– Pega! – Jean falou, jogando um monte de feno na sua direção.

– Ought! – Rick exclamou, quase caindo com o peso inesperado – Pare de jogar as coisas avisando na última hora! – falou irritado, depositando o conteúdo no chão.

– Você é ágil, então use isso a seu favor. – Jean tentou falar seriamente, mas Rick podia ver o vestígio de um sorriso estampado na cara dele.

– Se o feno cair e se espalhar todo, não vai ser eu que vou juntar.

Rick viu que Jean mexeu o braço esquerdo desconfortavelmente. O seu machucado faltava pouco para ser cicatrizado, mas pelo jeito ainda devia incomodar bastante. O ferimento feio do pedaço que fora arrancado nunca iria desaparecer; embora não fosse aparecer tanto assim depois de sarado.

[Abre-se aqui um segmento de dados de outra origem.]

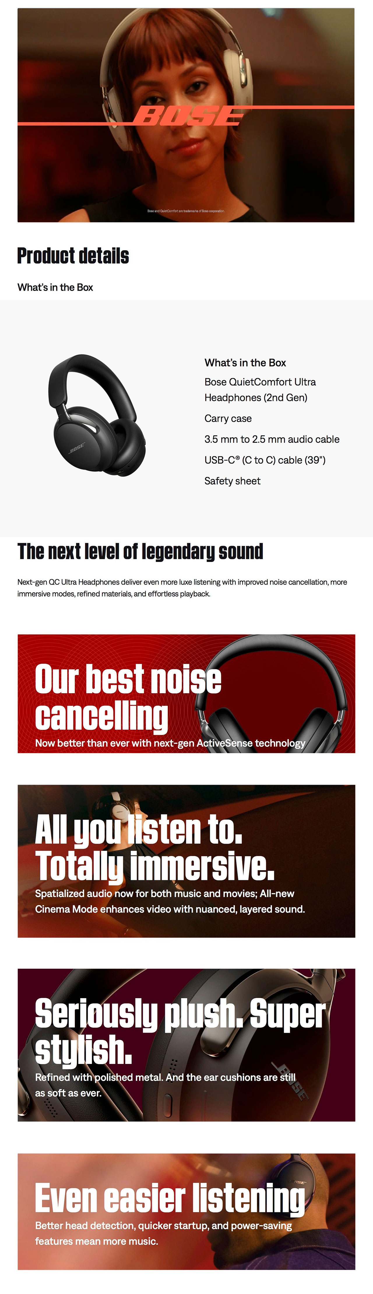 The Bose QuietComfort Ultra (Gen 2) Wireless Headset is ideal for music enthusiasts, gamers, and professionals seeking superior sound quality and noise cancellation. Perfect for long listening sessions, whether you're at home, in the office, or on the go.

A maior preocupação havia sido se Jean pudesse ser contaminado e acabar morrendo pela febre alta causada pelos vírus dos zumbis; porém era necessária uma grande quantidade de bactérias para infectar o organismo, então por enquanto não haveria riscos.

– Jean! – alguém chamou ali por perto.

Os dois garotos olharam para a pessoa que vinha. Assim que reconheceram Rodrick, já sabiam o que significava.

– Oi professor. – Jean o cumprimentou. Rick acenou com a cabeça.

– Pronto para o treino? Já estamos atrasados. – Rodrick perguntou após cumprimenta-los.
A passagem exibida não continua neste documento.